Description
NOTE: if you are reporting is a potential security vulnerability or a crash,
please follow our CVE process at
https://github.com/grpc/proposal/blob/master/P4-grpc-cve-process.md instead of
filing an issue here.
Please see the FAQ in our main README.md, then answer the questions below
before submitting your issue.
What version of gRPC are you using?
1.60.0
What version of Go are you using (go version
)?
1.22
What operating system (Linux, Windows, …) and version?
Ubuntu 22.04
What did you do?
Upgrade from v1.59.0 to v1.60.0 for grpc client service.
Clients now take 30 seconds to re-resolve upstream services on connection error (server shutting down).
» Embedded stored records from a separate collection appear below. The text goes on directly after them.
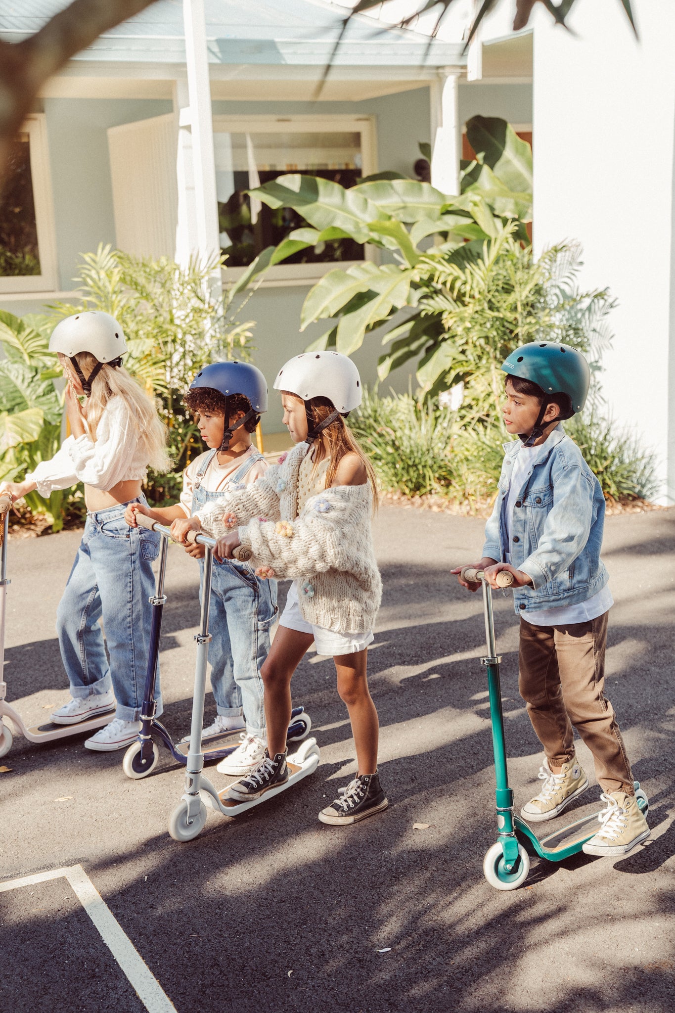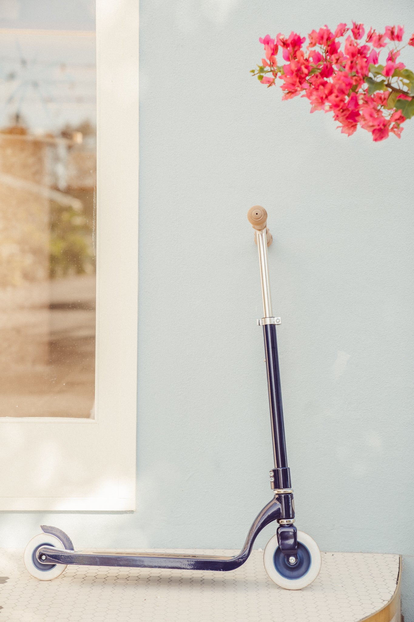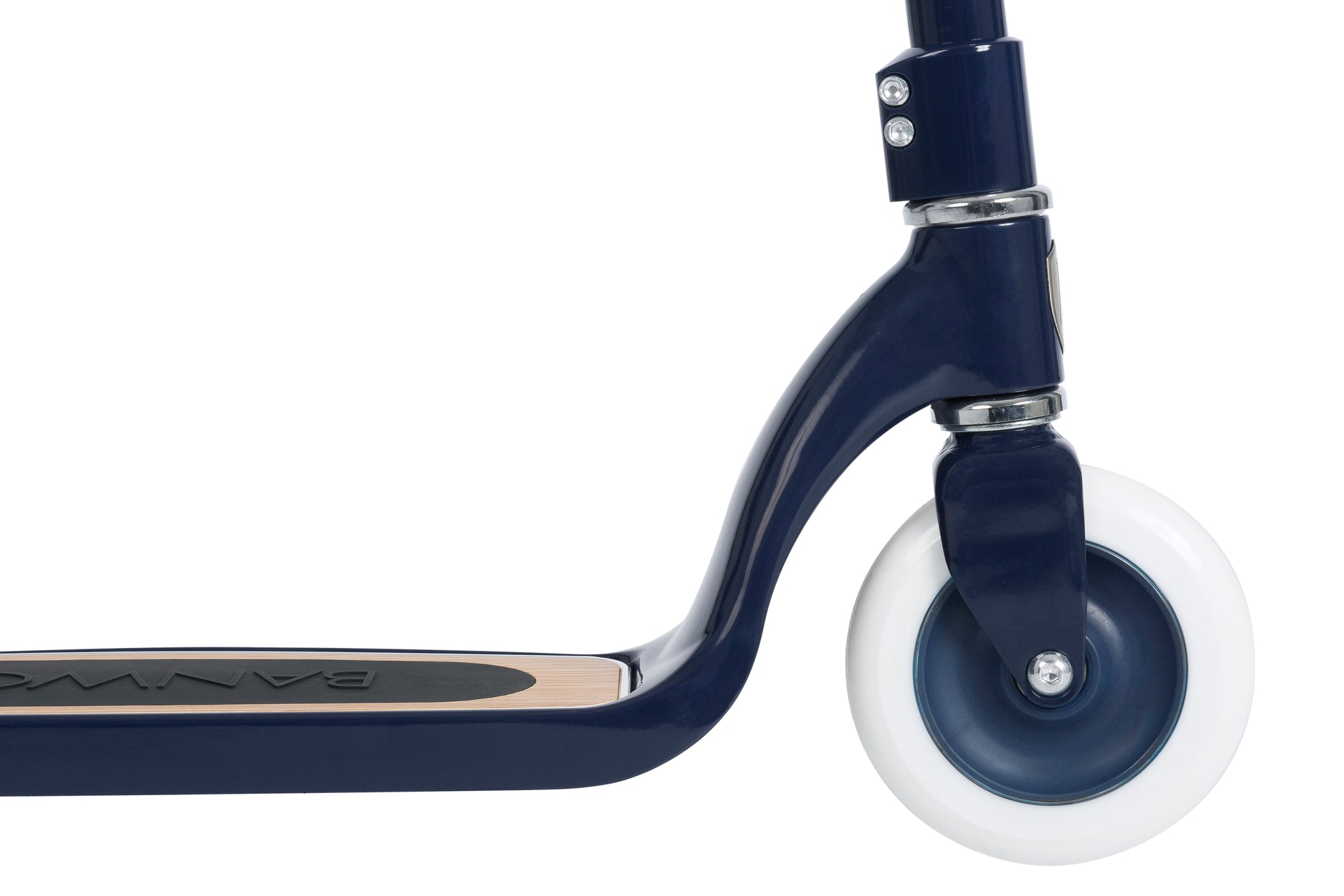 This navy two-wheel scooter is built to last the test of time and is equipped with an ergonomic T-handlebar that can easily be adjusted to your kid’s height, a lightweight aluminum frame, classic steering system – just like a bike, vintage-inspired rubber grips and a wooden oak anti-slip deck for a safe ride.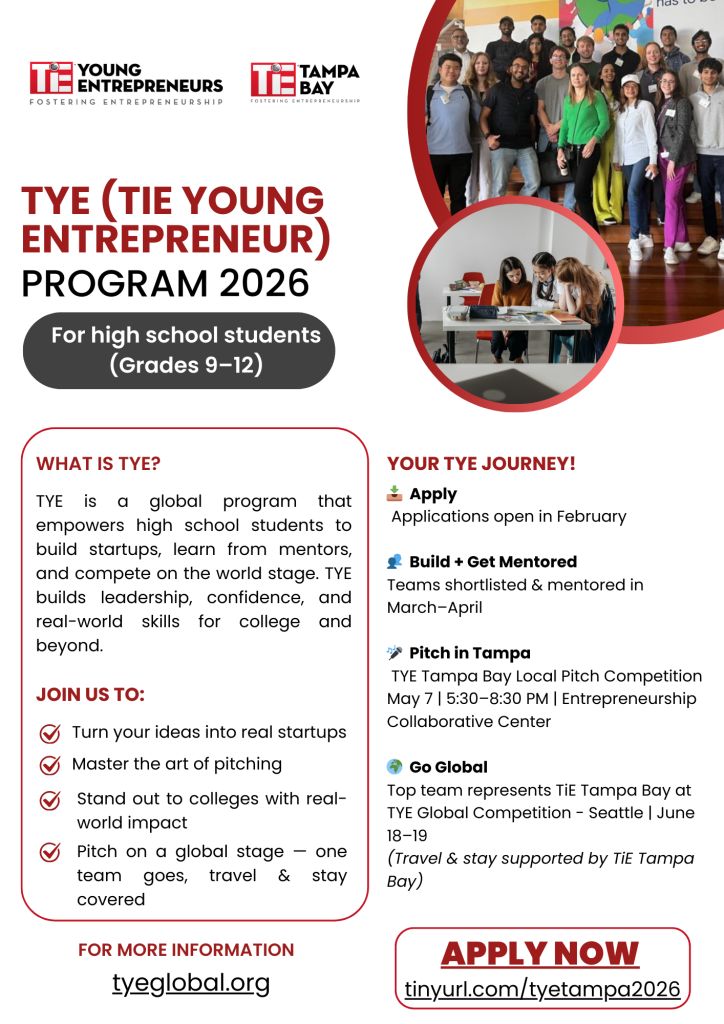 The TYE Global program brings together high school entrepreneurs from TiE chapters worldwide to pitch real ventures, connect with mentors, and gain hands-on experience in innovation and leadership. SlipShield+’s recognition is a proud moment for TiE Tampa Bay and a celebration of the talent, creativity, and drive of the next generation of changemakers.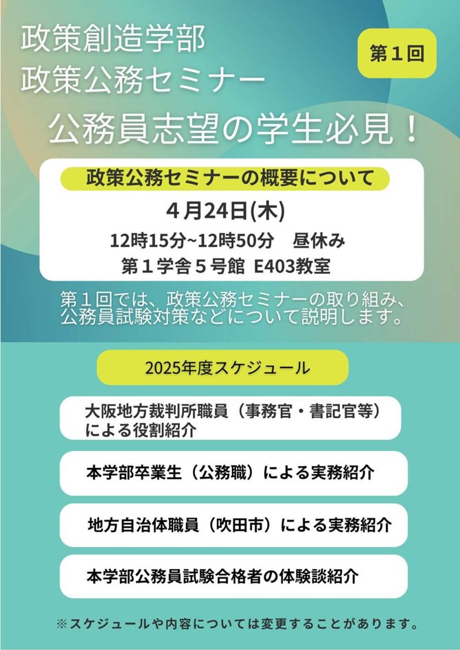 当日は、政策公務セミナ-の取り組みや公務員試験に向けての対策などをお話しします。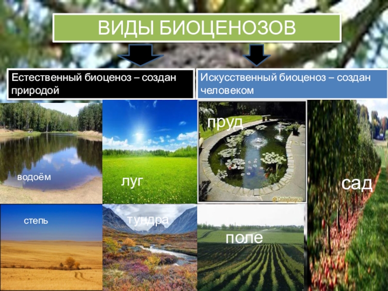ВИДЫ БИОЦЕНОЗОВЕстественный биоценоз – создан природойИскусственный биоценоз – создан человекомводоёмлугстепьтундрапрудполесад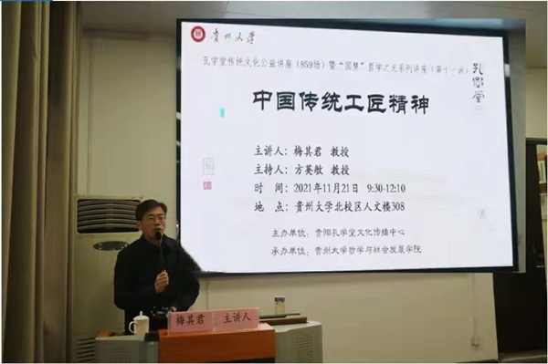 2021年11月21日上午,由贵阳孔学堂文化传播中心主办、贵州大学哲学与社会发展学院承办的孔学堂传统文化公益讲座(第859场)暨贵州大学哲学与社会发展学院“国慧”哲学之光系列讲座(第十一讲)在贵州大学人文楼308会议室成功开讲。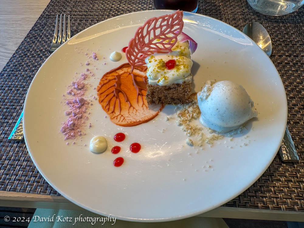 The food was fantastic, at every meal. Breakfast was an extensive buffet; at lunch and dinner there were always at least three entrees and two or three delectable desserts, different every day. One dinner, by invitation each evening, highlighted the creativity of the chef along the theme of ‘zero food waste’ [video]. The gallery includes some food photos!

What did you expect to see?
During deploy of upstream grpc server I expect to see no request failing due to delayed DNS resolve in the grpc client. New IP should instantly be resolved after first connection refused error: transport
.
Example (from v1.59.0):
2024/05/02 13:45:19 INFO: [core] [Channel #1 SubChannel #4] Subchannel Connectivity change to IDLE
2024/05/02 13:45:19 INFO: [roundrobin] roundrobinPicker: Build called with info: {map[]}
2024/05/02 13:45:19 INFO: [core] [Channel #1] Channel Connectivity change to IDLE
2024/05/02 13:45:19 INFO: [core] [Channel #1 SubChannel #4] Subchannel Connectivity change to CONNECTING
2024/05/02 13:45:19 INFO: [core] [Channel #1 SubChannel #4] Subchannel picks a new address "10.0.0.20:8000" to connect
2024/05/02 13:45:19 INFO: [core] [Channel #1] Channel Connectivity change to CONNECTING
2024/05/02 13:45:19 WARNING: [core] [Channel #1 SubChannel #4] grpc: addrConn.createTransport failed to connect to {Addr: "10.0.0.20:8000", ServerName: "our.interal.domain:8000", }. Err: connection error: desc = "transport: Error while dialing: dial tcp 10.0.0.20:8000: connect: connection refused"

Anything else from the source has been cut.